== Work to be completed ==
Restate word for word only the lines running from the one with "A continuación dobla" to the end of the data, both ends included. Omit any pictures.

== Available data ==

================================

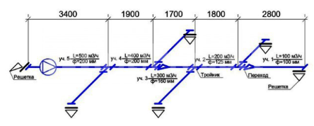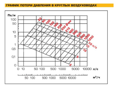 При расчете по скорости движения воздуха составляется план помещений с указанием всех элементов системы: решеток, диффузоров, вентиляторов и фильтров. Диаметры воздуховодов определяются от наиболее удаленного участка. Для удобства применяются специальные графики зависимости потерь давления от скорости потока. В соответствии с нормами СанПиН предельные скорости воздуха составляют: до 5 м/с – для жилых помещений, до 6 м/с – для офисных, до 11 м/с – для производственных объектов.
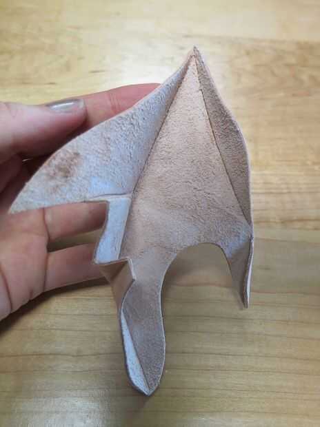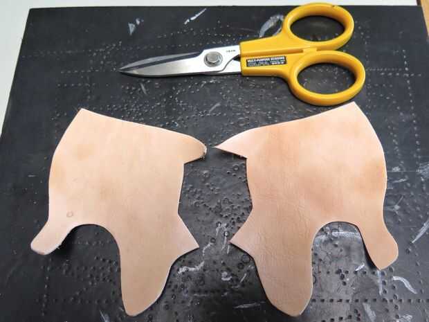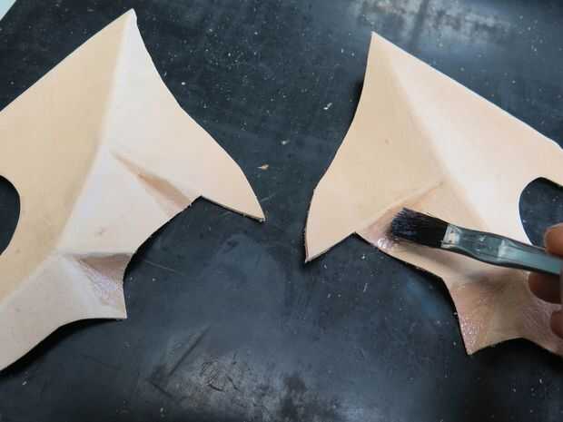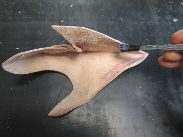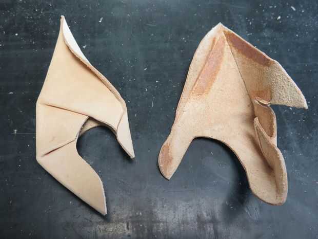 A continuación dobla cada oído en su forma básica que luego utiliza cemento de contacto del cuero en algunos lugares para mantener la forma, asegurándose de dejar la mayoría del espacio entre las dos capas abiertas por lo que mi oído sería capaz de encajar dentro de.
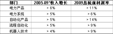 2005年9月6日,瑞士蘇黎世訊 – 全球電力和自動化技術領導廠商ABB集團今日宣布了2005至2009五年中期發展目標。ABB集團同時提出了強化改進業務執行,從更寬的領域去創造價值的戰略,包括專注于業務業務增長、改善盈利、資本利用和增加現金。

================================

== Result for this task ==
 A continuación dobla cada oído en su forma básica que luego utiliza cemento de contacto del cuero en algunos lugares para mantener la forma, asegurándose de dejar la mayoría del espacio entre las dos capas abiertas por lo que mi oído sería capaz de encajar dentro de.
 2005年9月6日,瑞士蘇黎世訊 – 全球電力和自動化技術領導廠商ABB集團今日宣布了2005至2009五年中期發展目標。ABB集團同時提出了強化改進業務執行,從更寬的領域去創造價值的戰略,包括專注于業務業務增長、改善盈利、資本利用和增加現金。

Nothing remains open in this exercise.